Главными культурными задачами русского романтизма были «освобождение личности от оков феодальной морали и построение миросозерцания, свободного от церковного авторитета». Обе задачи требовали максимального обогащения внутренней жизни, чувства и воображения. Они требовали литературы, богатой эмоциональным и образным содержанием. Поверхностная эмоциональность и формалистический уклон до-декабрьской поэзии, допустимые в поэзии, когда они еще могли служить приемлемым аккомпанементом к политическому действию, теперь становились реакционными. Упор на содержание становился главным требованием прогрессивной критики.
Писателям до-декабрьского поколения было трудно ответить на этот заказ. Путь Пушкина – в соответствии со сложностью его социальной и политической позиции – был сложен. Совершенно отказываясь от натур-философского обогащения и углубления своей поэзии, он – как, например, в маленьких трагедиях – дает ярчайшие примеры ее эмоционального углубления и обогащения, которым суждено было особенно приблизить его творчество к младшему поколению после его смерти. Но в то же время он другими сторонами своего творчества оказывается чужд своему времени. С одной стороны, как прямой вызов современности, он пишет произведения, приводящие в недоумение передовую критику («Анджело», «Сказки», отчасти «повести Белкина»), с другой – почти один во всей литературе он видит дальше временной обстановки депрессии и (в тесной связи со своими размышлениями об истории и политике) создает искусство общественного реализма, непосредственно смыкающееся с новой литературой 40-х годов.

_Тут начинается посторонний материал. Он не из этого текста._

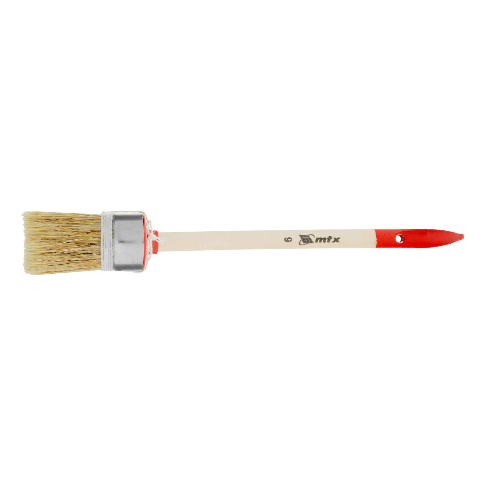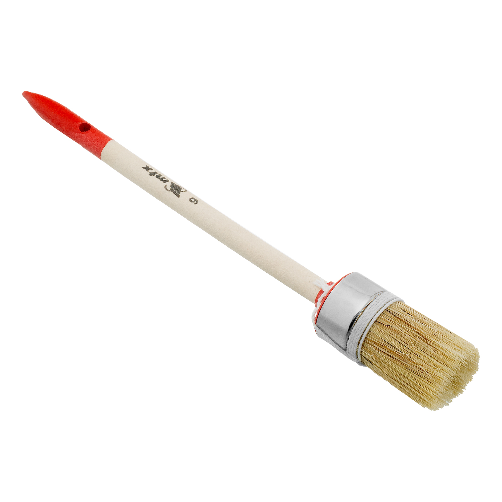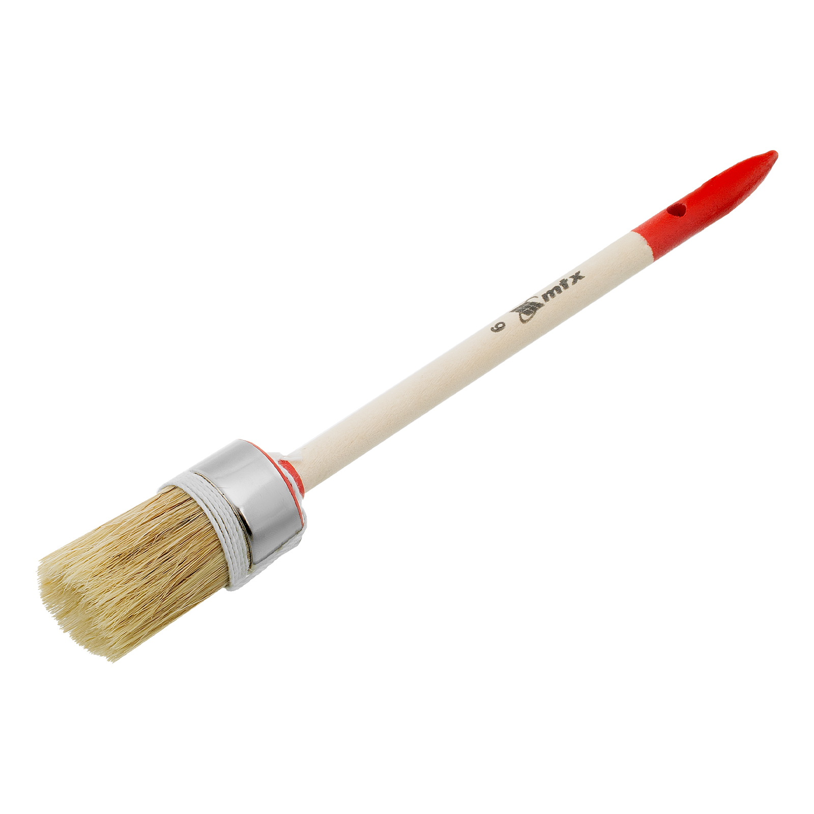 Круглая кисть MTX Профи №6 82044 диаметром 30 мм, с натуральной щетиной и деревянной ручкой, используется при проведении профессиональных малярных работ. Рабочая часть из натуральной свиной щетины с небольшим добавлением искусственной устойчива к агрессивным масляным краскам и ЛКМ на основе растворителей. Круглая кисть оптимально подходит для окрашивания узких и труднодоступных участков.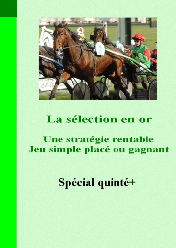 Une méthode de sélection qu’il faut avoir entre les mains simple et originale qui permet de détecter un ou plusieurs chevaux dans les courses du quinté. Ces chevaux peuvent être joués au jeu simple placé ou gagnant. Ils sont joués dans les courses du quinté quelque soit la discipline Le trot, plat ou l’obstacle. La technique de sélection est très simple il suffit du journal paris turf Et grâce à 2 critères pour rechercher les chevaux à jouer. Ils vous permettront en un coup d’œil de gérer les écarts, de construire vos systèmes de jeux de savoir comment jouer et à bon escient et surtout d’encaisser de l’ARGENT.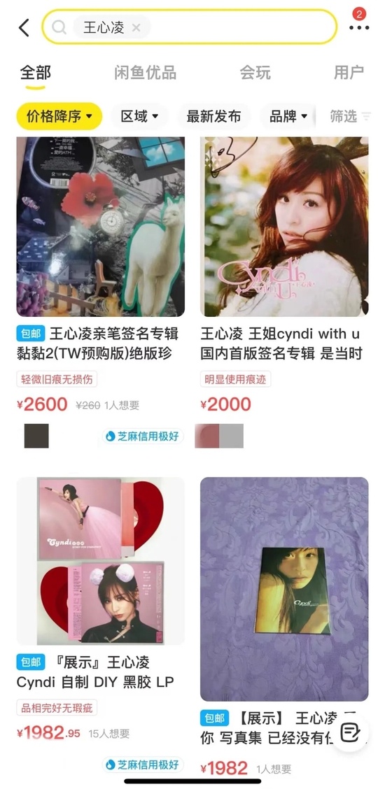 中新经纬记者以“王心凌”为关键词在闲鱼进行检索,有大量王心凌磁带、CD等周边商品在售,有的是二手,有的则是全新未拆,价格28元-300元不等,一些签名CD售价甚至超过了千元。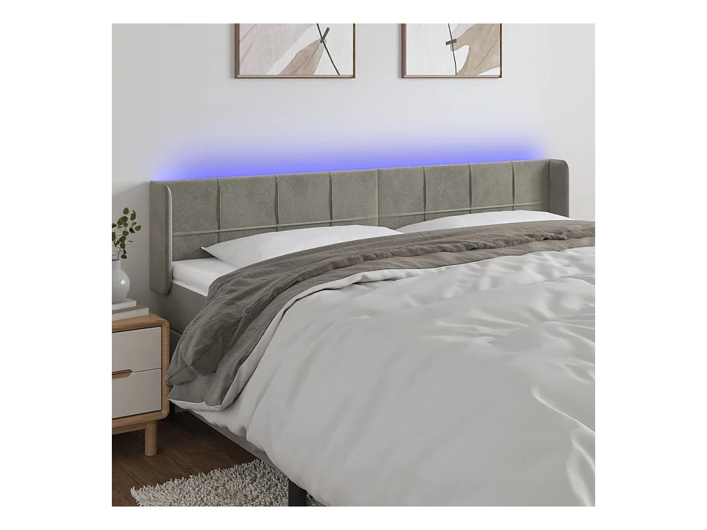 LED Hoofdbord Lichtgrijs 203x16x78/88 cm Fluweel

Баратынский, поставленный перед новыми задачами, оказался в более трудном положении, чем Пушкин. В его ранней поэзии не было почти никаких исходных точек для переделки себя в соответствии с новыми требованиями. Популярность его, правда, достигает своего апогея как раз в первые последекабрьские годы, но это было не более как проявлением до-декабрьской инерции. «Болотный» характер поэзии Баратынского был вполне кстати в такое время, когда непосредственное действие расправы над декабристами было особенно сильно, а новая культурническая волна еще не успела подняться. И в дальнейшем Баратынский не разрывает со своим «французским» формализмом. Еще в 1828 г. он пишет «Переселение Душ», сугубо формалистическую стилизацию под XVIII век. Впоследствии он пользуется им, чтобы вызывающе подчеркнуть свой отрыв от современности, нарочито перемешивая в собрании стихотворений 1835 г. старое с новым, включая в него такие пустячки, как «Не знаю, милая, не знаю», он бросает открытый вызов новым требованиям и добивается от Белинского фразы о «светской, паркетной музе Баратынского».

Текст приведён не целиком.